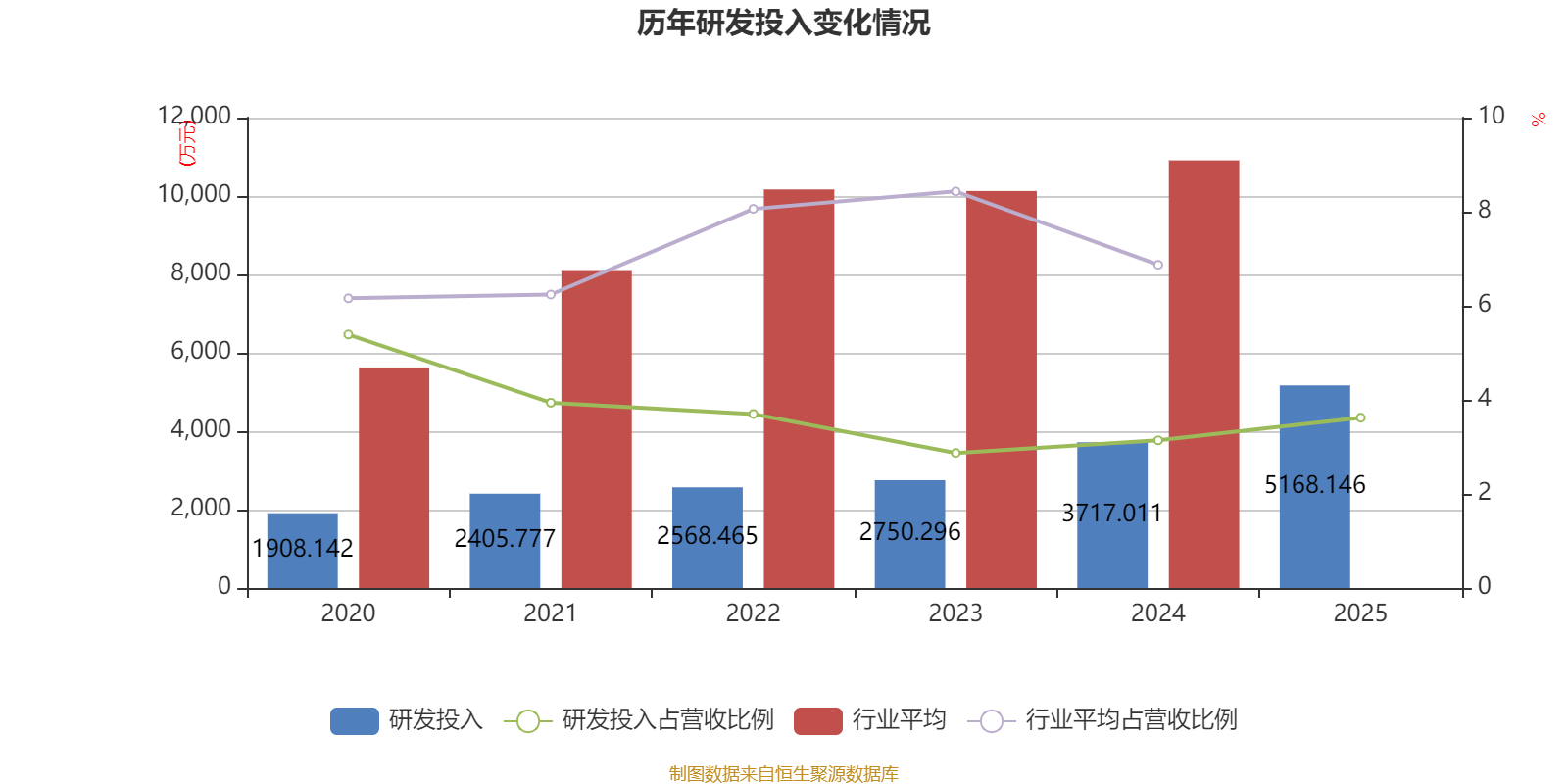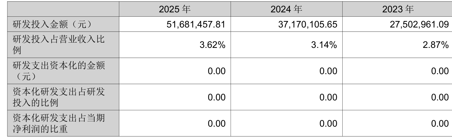 2025年全年,公司研发投入金额为5168.15万元,同比增长39.04%;研发投入占营业收入比例为3.62%,相比上年同期上升0.48个百分点。此外,公司全年研发投入资本化率为0%。
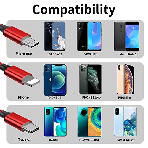 [Perfettamente compatibile] Cavo di ricarica 3 in 1 con 3 connettori per telefono XS Max / XS / XR / X, Android Galaxy S10 S9 S8 S7, A40 A50 A70, A3 A5 (2017), J3 J5 J7, Huawei P30/ P20/ P10, Mate20, Honor View 10, Nexus / HTC / Motorola / Nokia / LG / Sony / PS4.
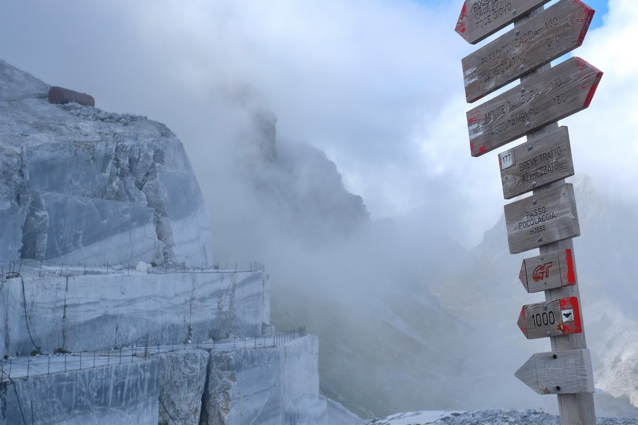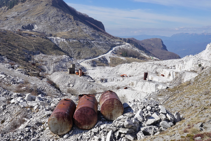 Mit schroffen Felsnadeln sind die Apuanischen Alpen ein ernst zu nehmendes Gebirge, wenn auch keiner ihrer Gipfel 2.000 Meter überragt. Als Teil des Apennin, erheben sie sich unmittelbar hinter der Küstenlinie und Meerblick vom Gipfel ist keine Seltenheit. Die Besonderheit dieser Region liegt im Marmor, der hier seit Jahrhunderten abgebaut wird, was das Landschaftsbild kontinuierlich verändert. Wanderungen auf bestens beschilderten Wegen sind begleitet von Signaltönen der Baumaschinen. An riesigen Wänden aus weißem Marmor vorbei zu schreiten ist bizarr. Erst auf weitere Distanz lässt sich erkennen, dass manche Berge nur noch aus einem Rumpf bestehen. Auf Wänden verlassener Betriebshäuschen sind Parolen wie „No Cave“ zu lesen, was so viel bedeutet wie „keine Marmorbrüche“. LKWs transportieren tonnenschwere Quader ab und bleiben gelegentlich in den engen Kurven der Bergsträßchen stecken. Dann gibt es für lange Zeit kein vor und zurück der Kolosse und die wartenden Autofahrer vertreiben sich typisch italienisch die Langeweile: sie telefonieren.
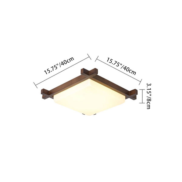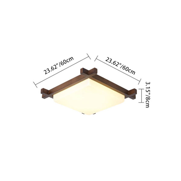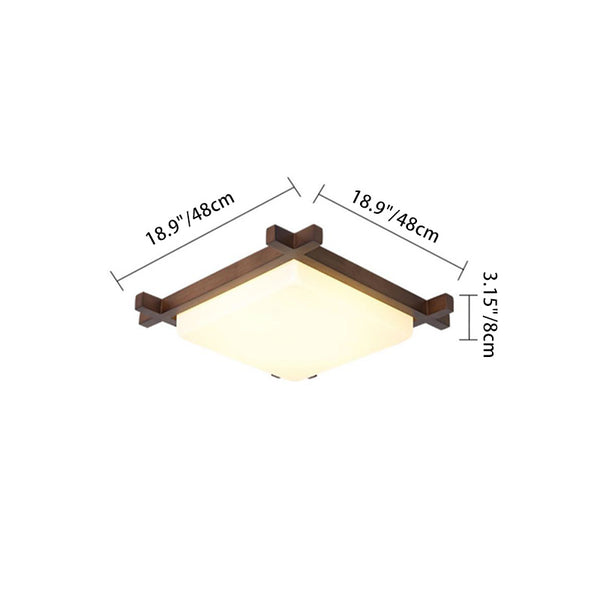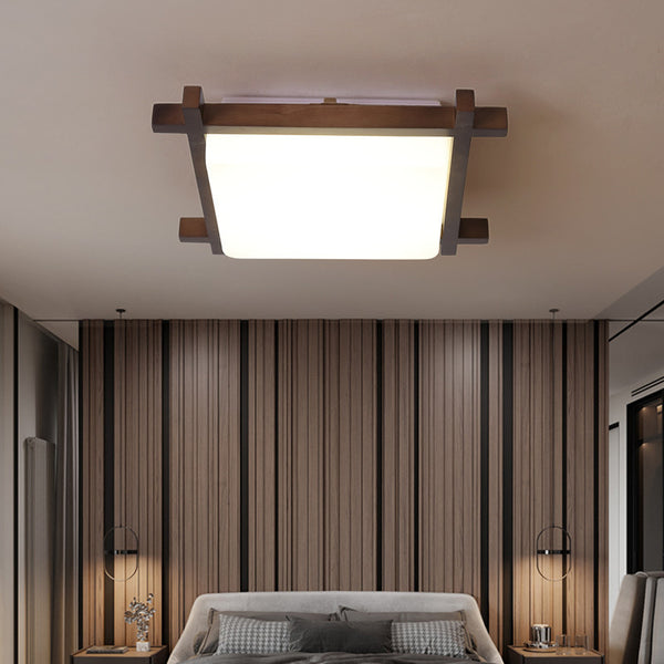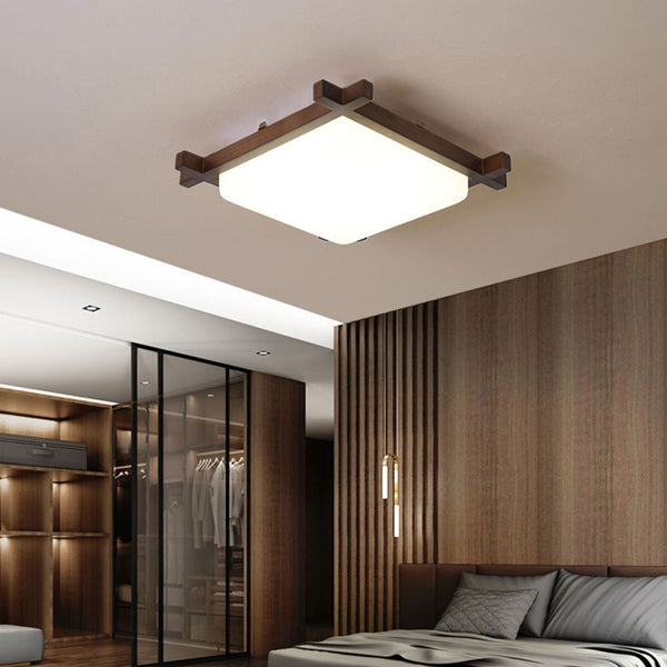 Traditional Japanese Square Rubber Wood Acrylic LED Flush Mount Ceiling Light For Bedroom

The problem - Give back exactly the lines from the line with "Mit schroffen Felsnadeln" through the end of the material above, and omit every picture.

Answer area -
 Mit schroffen Felsnadeln sind die Apuanischen Alpen ein ernst zu nehmendes Gebirge, wenn auch keiner ihrer Gipfel 2.000 Meter überragt. Als Teil des Apennin, erheben sie sich unmittelbar hinter der Küstenlinie und Meerblick vom Gipfel ist keine Seltenheit. Die Besonderheit dieser Region liegt im Marmor, der hier seit Jahrhunderten abgebaut wird, was das Landschaftsbild kontinuierlich verändert. Wanderungen auf bestens beschilderten Wegen sind begleitet von Signaltönen der Baumaschinen. An riesigen Wänden aus weißem Marmor vorbei zu schreiten ist bizarr. Erst auf weitere Distanz lässt sich erkennen, dass manche Berge nur noch aus einem Rumpf bestehen. Auf Wänden verlassener Betriebshäuschen sind Parolen wie „No Cave“ zu lesen, was so viel bedeutet wie „keine Marmorbrüche“. LKWs transportieren tonnenschwere Quader ab und bleiben gelegentlich in den engen Kurven der Bergsträßchen stecken. Dann gibt es für lange Zeit kein vor und zurück der Kolosse und die wartenden Autofahrer vertreiben sich typisch italienisch die Langeweile: sie telefonieren.
 Traditional Japanese Square Rubber Wood Acrylic LED Flush Mount Ceiling Light For Bedroom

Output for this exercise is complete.